[Your goal]: Print the data below exactly, but only the lines from the one containing "Handmade. | |" down to the one containing "Энергичная и гипермелодичная", inclusive.

[Source material]:
# # # # # # #

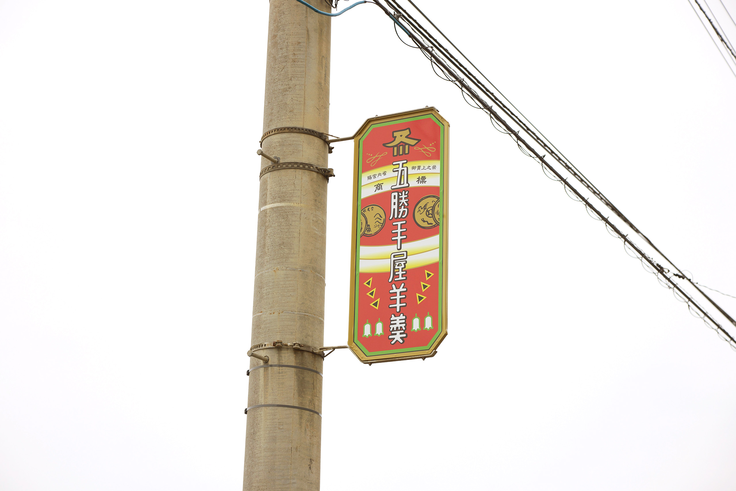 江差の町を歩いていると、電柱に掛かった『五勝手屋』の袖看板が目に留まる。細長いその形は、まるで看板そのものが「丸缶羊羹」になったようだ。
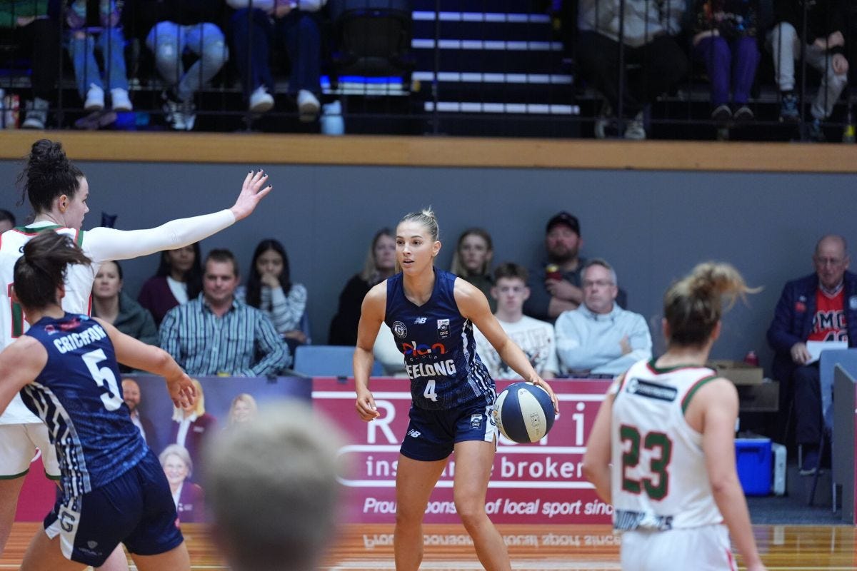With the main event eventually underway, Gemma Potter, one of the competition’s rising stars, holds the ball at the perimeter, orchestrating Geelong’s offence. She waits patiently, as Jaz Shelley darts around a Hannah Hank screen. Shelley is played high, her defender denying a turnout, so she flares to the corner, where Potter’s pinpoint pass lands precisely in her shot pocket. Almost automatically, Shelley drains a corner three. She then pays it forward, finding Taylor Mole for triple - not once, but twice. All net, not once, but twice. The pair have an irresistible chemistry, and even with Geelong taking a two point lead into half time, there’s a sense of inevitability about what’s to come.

# # # # # # #

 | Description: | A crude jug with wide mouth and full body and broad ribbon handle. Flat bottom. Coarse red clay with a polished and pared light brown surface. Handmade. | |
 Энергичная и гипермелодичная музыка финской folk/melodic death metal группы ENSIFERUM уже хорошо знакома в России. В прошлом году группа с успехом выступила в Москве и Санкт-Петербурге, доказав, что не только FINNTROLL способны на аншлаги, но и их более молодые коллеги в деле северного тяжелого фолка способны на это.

# # # # # # #

[Your solution]:
 | Description: | A crude jug with wide mouth and full body and broad ribbon handle. Flat bottom. Coarse red clay with a polished and pared light brown surface. Handmade. | |
 Энергичная и гипермелодичная музыка финской folk/melodic death metal группы ENSIFERUM уже хорошо знакома в России. В прошлом году группа с успехом выступила в Москве и Санкт-Петербурге, доказав, что не только FINNTROLL способны на аншлаги, но и их более молодые коллеги в деле северного тяжелого фолка способны на это.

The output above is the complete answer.